ROANOKE TIMES

                         Roanoke Times
                 Copyright (c) 1995, Landmark Communications, Inc.

DATE: THURSDAY, July 26, 1990                   TAG: 9007260495
SECTION: EDITORIAL                    PAGE: A-14   EDITION: METRO 
SOURCE: 
DATELINE:                                 LENGTH: Short


DEL. STAFFORD

IN HIS political campaigns, Del. C. Jefferson Stafford of Pearisburg - Jeff to those who knew him - never gained this newspaper's editorial endorsement. He did not harbor the hatefulness that sometimes hides behind the skirts of respectable conservatism. Still, his extremely conservative views struck us as too cramped, too limited in vision, too ready to dismiss any role whatsoever for government to play in the affairs of Virginia.

Yet Stafford, who died this week at age 51, had no trouble getting the support of his constituents. As a Republican in a Democratic legislature, and as a Republican from an area that is neither intensely conservative nor particularly Republican, Stafford on occasion found himself the target of redistricting that substantially altered the boundaries of his district.

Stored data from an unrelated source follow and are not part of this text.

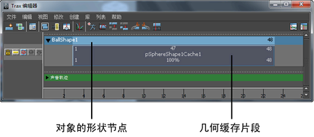 选定对象的所有几何缓存节点都将作为缓存片段加载到“Trax 编辑器”(Trax Editor)中。每个片段都放置在它自己的轨迹上,并且对象的所有缓存片段都在对象的形状节点下进行分组。
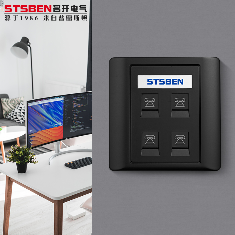 三位电话插座面板 两位双孔电话插座 86型墙壁暗装 4口电话面板
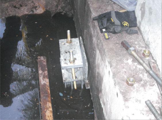 Retrofit brackets positioned against and below existing grade beams (ponded water within excavation)
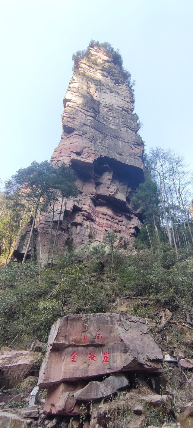 徒步金鞭溪途中,神鹰护鞭石碑。
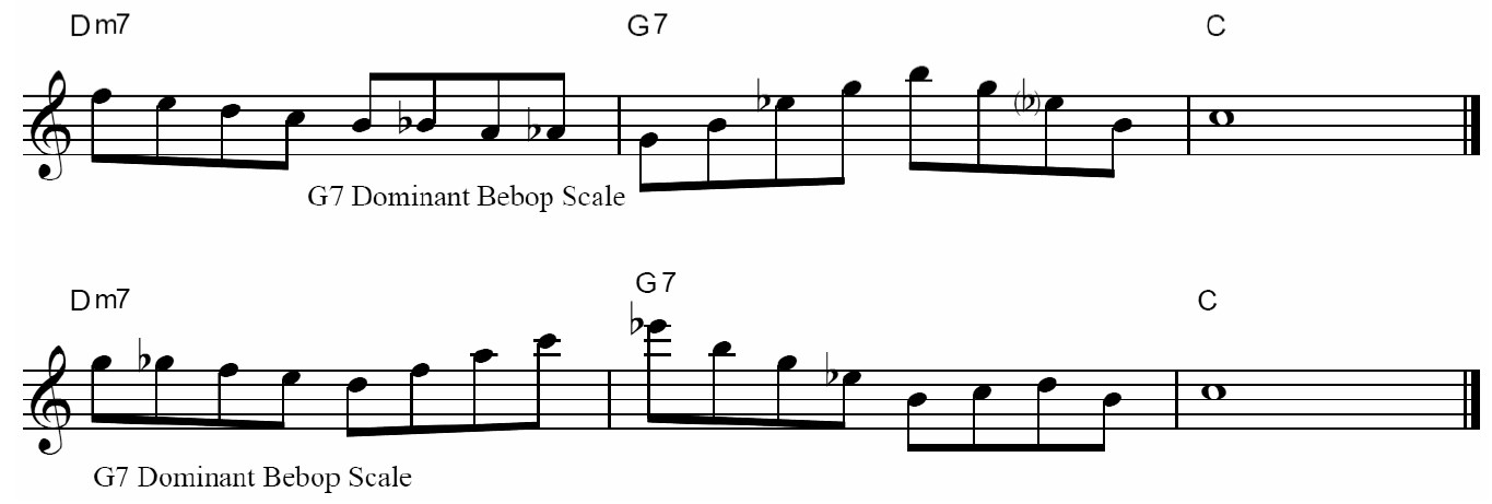 二つの例ともⅡm7ではビーバップスケールを使用しています。 G7にたどり着いたときにはG7の分散和音を丸出して使用しています。
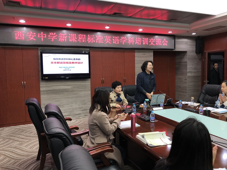 2018年10月30日星期二,我校英语教研组有幸邀请到了西安市教育学科研究所中学英语教研员、省学科带头人、中学英语高级教师王兰英老师,为英语教研组进行了新课程标准英语学科培训,培训的主题是文本解读策略及教学设计,英语组全体老师在组长代庆云老师的组织下参加了本次培训活动。
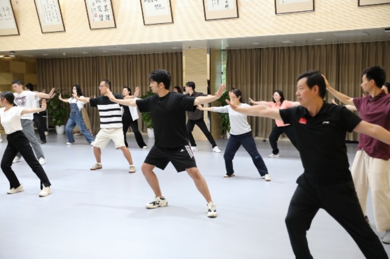 武术研究中心主任王东敏老师莅临我院,为大家讲授健身气功八段,以古风雅韵,共绘师恩长卷。党委副书记刘军华、张舒出席,共计40余位教职员工及学生参与活动。

It didn't matter. From 1971 on, he could count on big majorities in his home county of Giles to win election after election to the House.

The key, we suspect, was more than simply his affability, his knack for disagreeing agreeably. It also was his straightforward, steadfast loyalty to principles as he saw them.

In these days when politicians bend to the slightest hint of a changing breeze in public opinion, Stafford was uncharacteristic: You always knew where, right or wrong, he stood.